(Stored data)
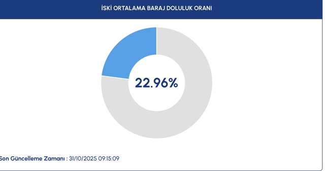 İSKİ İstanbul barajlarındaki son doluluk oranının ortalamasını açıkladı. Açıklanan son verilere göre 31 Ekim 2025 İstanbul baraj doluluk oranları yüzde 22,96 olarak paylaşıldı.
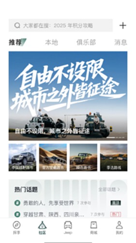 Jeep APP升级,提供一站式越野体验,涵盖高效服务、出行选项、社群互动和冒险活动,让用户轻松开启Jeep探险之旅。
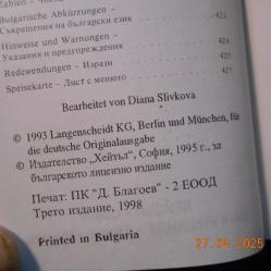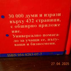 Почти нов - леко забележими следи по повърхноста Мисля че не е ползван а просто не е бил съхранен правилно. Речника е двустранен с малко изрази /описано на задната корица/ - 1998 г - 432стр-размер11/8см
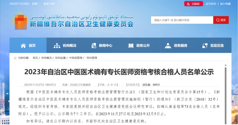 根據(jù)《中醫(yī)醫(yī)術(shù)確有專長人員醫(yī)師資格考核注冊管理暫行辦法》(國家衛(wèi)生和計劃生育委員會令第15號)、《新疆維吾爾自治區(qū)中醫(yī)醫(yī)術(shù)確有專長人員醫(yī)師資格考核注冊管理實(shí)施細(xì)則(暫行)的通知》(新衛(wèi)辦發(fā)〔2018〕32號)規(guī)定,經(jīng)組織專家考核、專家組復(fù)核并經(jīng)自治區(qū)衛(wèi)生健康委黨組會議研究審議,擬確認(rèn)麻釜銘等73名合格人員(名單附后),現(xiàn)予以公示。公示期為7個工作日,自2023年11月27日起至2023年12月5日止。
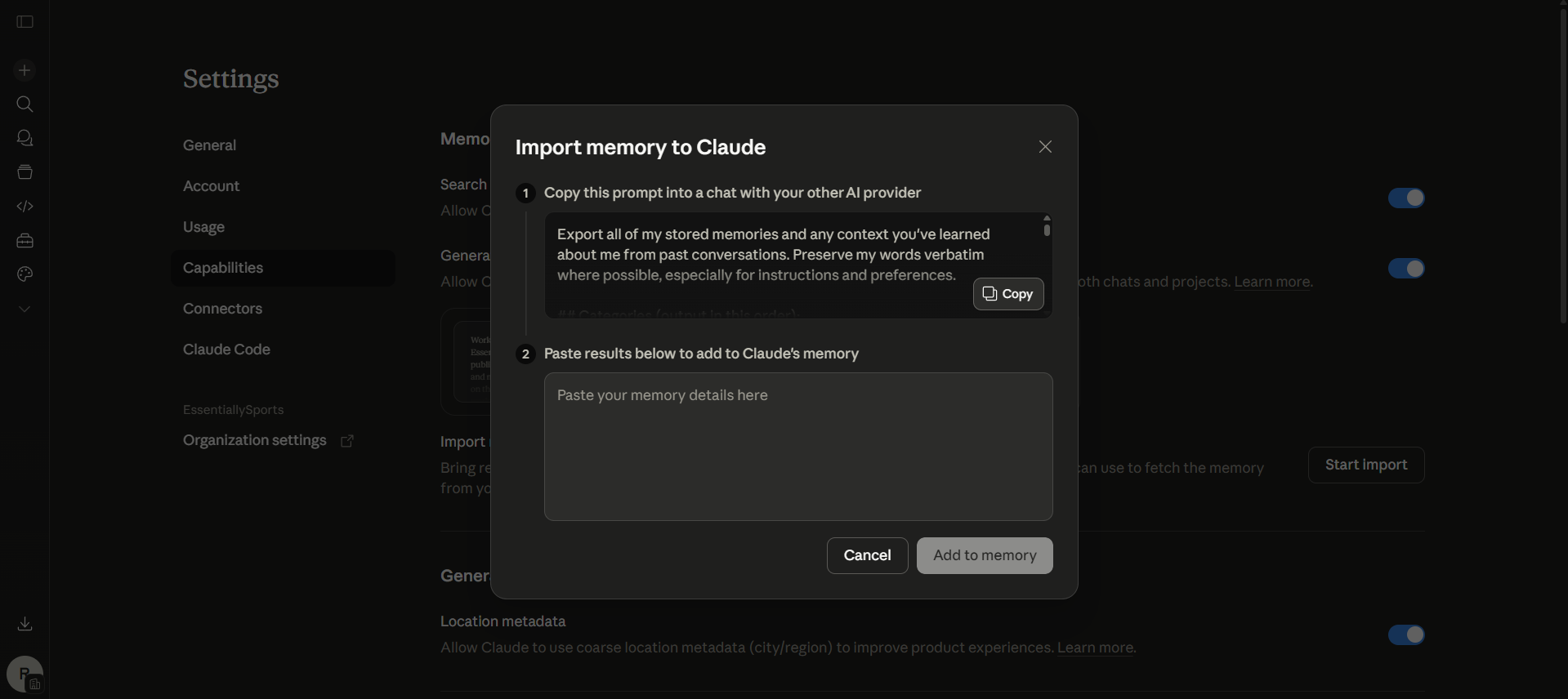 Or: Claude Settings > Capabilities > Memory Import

About this task: Please return only the lines from the top of the data through the line with "Почти нов - леко", exactly as written, and drop every picture.

Solved problem:
 İSKİ İstanbul barajlarındaki son doluluk oranının ortalamasını açıkladı. Açıklanan son verilere göre 31 Ekim 2025 İstanbul baraj doluluk oranları yüzde 22,96 olarak paylaşıldı.
 Jeep APP升级,提供一站式越野体验,涵盖高效服务、出行选项、社群互动和冒险活动,让用户轻松开启Jeep探险之旅。
 Почти нов - леко забележими следи по повърхноста Мисля че не е ползван а просто не е бил съхранен правилно. Речника е двустранен с малко изрази /описано на задната корица/ - 1998 г - 432стр-размер11/8см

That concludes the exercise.